В час ночи. Ровно. Все часы зазвонили одновременно.

Тридцать часов. Разом. Что было невозможно — каждые выставлены чуть иначе, одни спешат на три минуты, другие отстают на семь, третьи верны, но звонят только днём. Бом. Тик-так-тик. Дзынь, трель. Кукушка четырежды вместо одного.

Чашка на камень.

Фёдор Ильич прислушивался.

Свон стих. После чего часы запели.

Не просто зазвучали мелодией (они и так это делали, у троих были механизмы). Запели хором. Колыбельную. Каждые — своей нотой, своим голосом; напольные гудели басом, каминные звонили звонко и прозрачно, карманные из коробки крошили звук, как стеклянные бусины со стола. И совместно это было странно красиво — как шторм, как затмение, как то, что красивым быть не должно, но оно красиво.

Он вошёл в дом.

Часы поют. Маятник качается шире — влево, вправо, влево — и по комнате катится волна тепла, пахнущая (почему?) ванилью.

К окну.

На берегу сидела лиса. Рыжая, небольшая, хвост обёрнут вокруг лап, кончик белый. Смотрит на дом, уши вперёд, голова набок. Слушает.

— Здравствуй, — сказал он.

Лиса моргнула медленно, совсем как сова.

На крыльцо вышел. Часы пели тише, как если бы кто-то убавил звук. Лиса не убежала. Десять шагов до берега (или одиннадцать; не считал). Песок холодный, мокрый; луна на воде лежала — не отражалась, а лежала, плоская, как блин на сковородке. (Странное сравнение, но другого не приходило.)

Пять метров до лисы.

— Музыка нравится? — спросил Фёдор Ильич. Так, просто. Ответа не ждал.

— Нравится, — сказала лиса.

Голос хрипловатый, с присвистом — как у человека, что весь день молчал и первое слово даётся с трудом. Фёдор Ильич не поразился. Семьдесят три года в одиночестве; видел часы, что ходили вспять, шаровую молнию в кухне, в старинном брегете однажды нашёл жука — судя по пыли, сидел пятьдесят лет. После этого лиса, что говорит, — отчего бы нет.

— Зачем пришла?

— За колыбельной. — Облизнулась. — Малыши не спят. Третью ночь. Шум, возня, грызут хвосты. Я перепробовала — молоко, укачивание, рычала, пела сама. Ничего. А тут ваши часы.

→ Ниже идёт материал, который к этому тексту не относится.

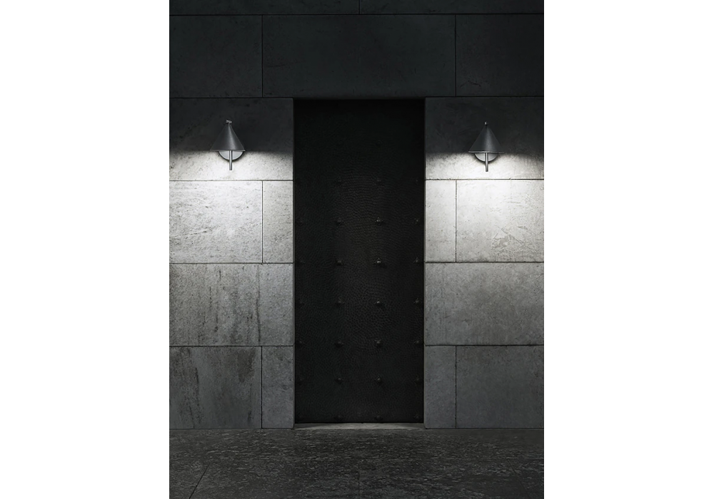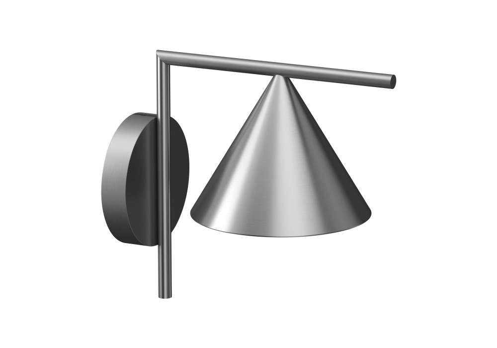 Captain Flint designed by Michael Anastassiades for Flos is an outdoor wall lamp with tunolar stainless steel structure with conical lampshade. The diffuser is made of opal polycarbonate and shields an LED light source with a dimmable system. Captain Flint is available in different finishes, light source shades and dimmer types.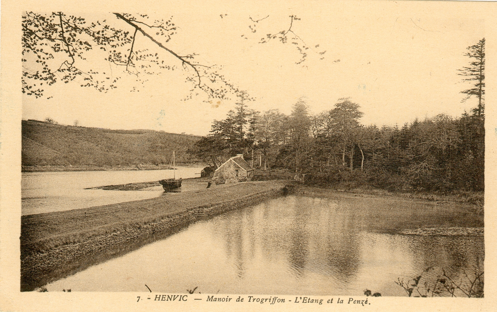 Ancienne carte postale "Manoir de Trogriffon - L'étang de la Penzé"Immatriculation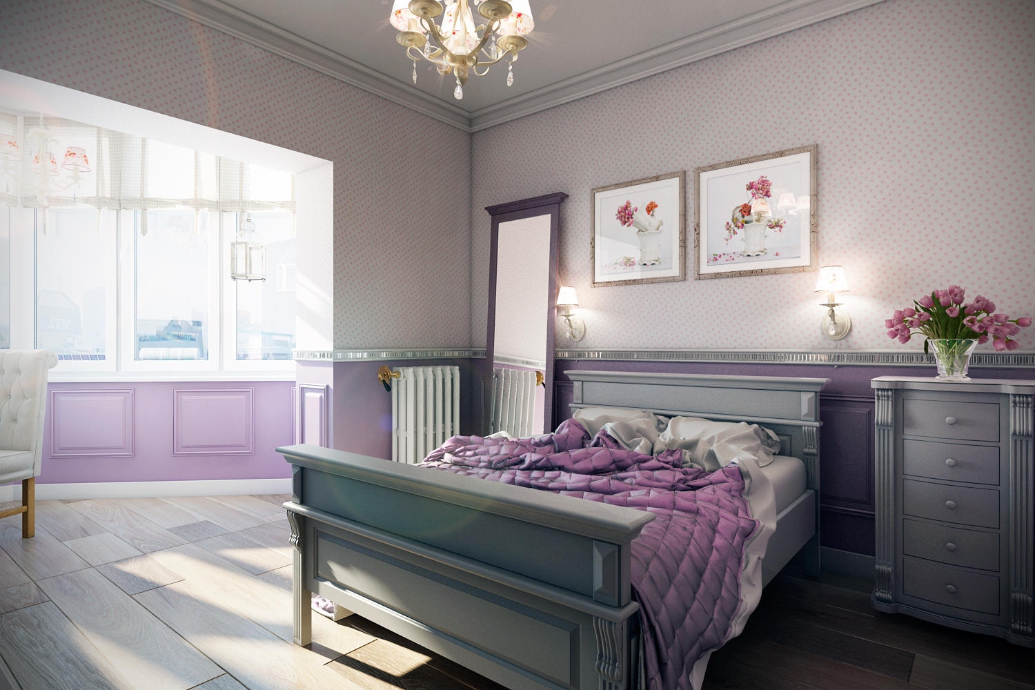 - Цвет лаванды в сочетании с белым придаёт спальне дополнительный объём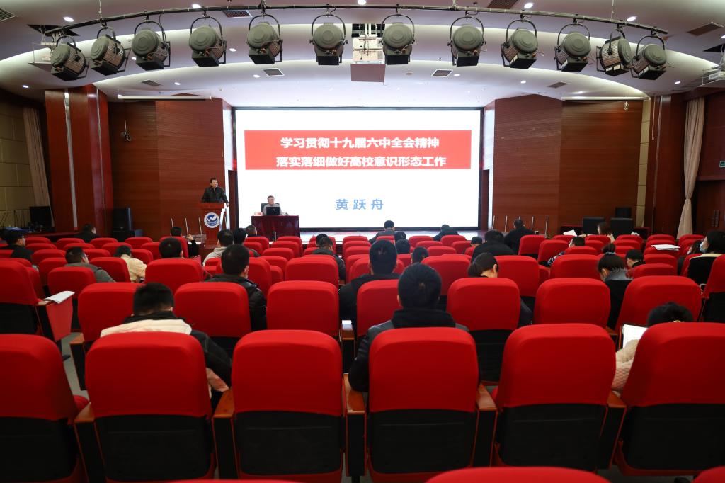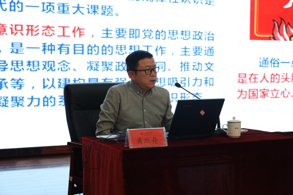 黄跃舟结合自身学习研究的体会,从“深入领会六中全会精神,增强做好新时代意识形态工作的政治自觉、思想自觉、行动自觉”“进入新时代,我国意识形态领域形势已发生全局性、根本性转变”“从‘四个突出’入手,强力推动高校意识形态工作落实落细”等三个方面,对新时代高校做好意识形态工作的重要性、社会背景和实践路径做了深入而具体的阐述。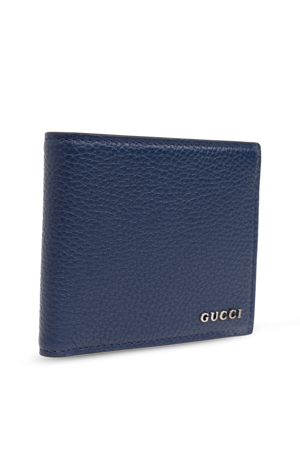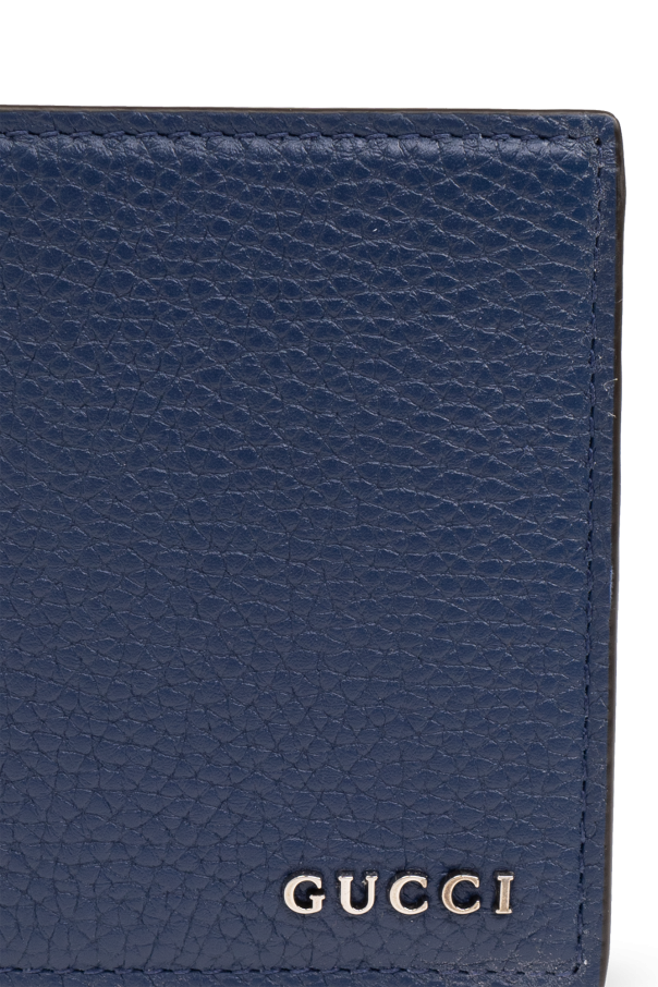 Navy bifold wallet from Gucci. Made from grained calf leather, this model is decorated with a metal logo detail and features two bill compartments, one snap-fastened coin pocket, two slip pockets and four card slots inside.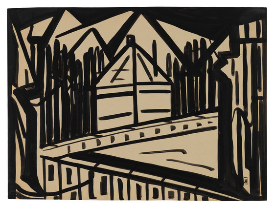 Drawing in graphite and black ink on card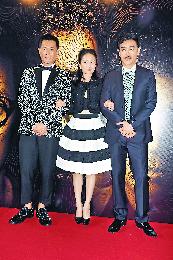古天樂、周迅、劉青雲打扮得靚靚出席《竊聽風雲3》首映禮。(圖:香港明報)
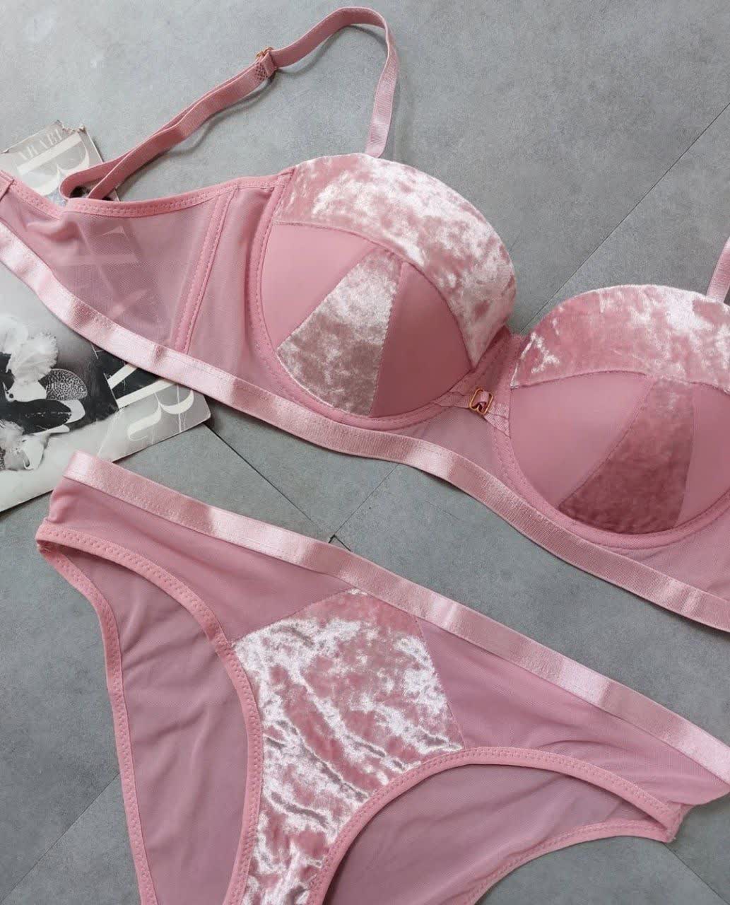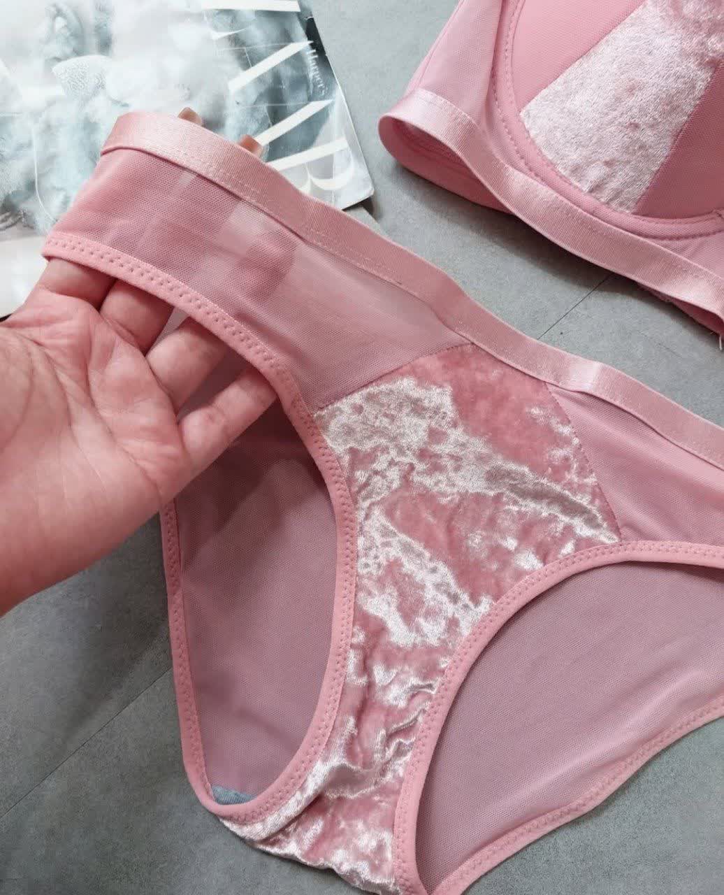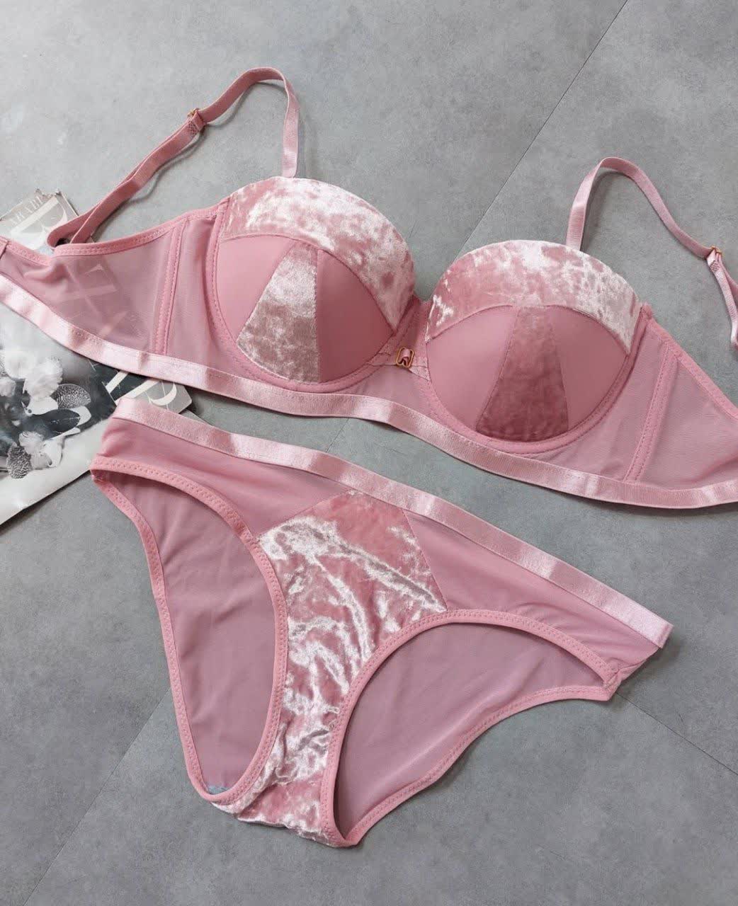 ست لباس زیر زنانه اسفنجی دکلته مخملی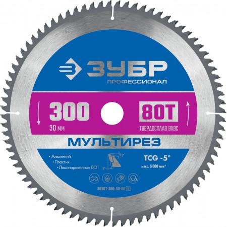 Пильный диск по алюминию Мультирез, 300 х 30 мм, 80Т ЗУБР Профессионал 36907-300-30-80_z01

Фёдор Ильич почесал бороду.

— Раньше не пели.

— Раньше некому было, — ответила лиса просто. И это объяснило всё.

Двенадцать лет один. Жена умерла. Дети в городе, внуки летом неделю. Часы тикали, звонили, ходили. Но пели — нет. И вот лисята, которые не спят.

— Приведу я их?

Тишина. Озеро не вздохнуло. Луна молчала.

— Веди.

Лиса скользнула в камыши — без звука. Минута. Две. Потом три, четыре (кто считал), и камыши раздвинулись. На берег вывалились четыре лисёнка.

Маленькие. Рыжие. Ушастые. Глаза круглые, блестящие. Один сунул нос в песок и чихнул. Другой кусал лунную дорожку на воде. Третий и четвёртый сразу затеяли возню, катались клубком.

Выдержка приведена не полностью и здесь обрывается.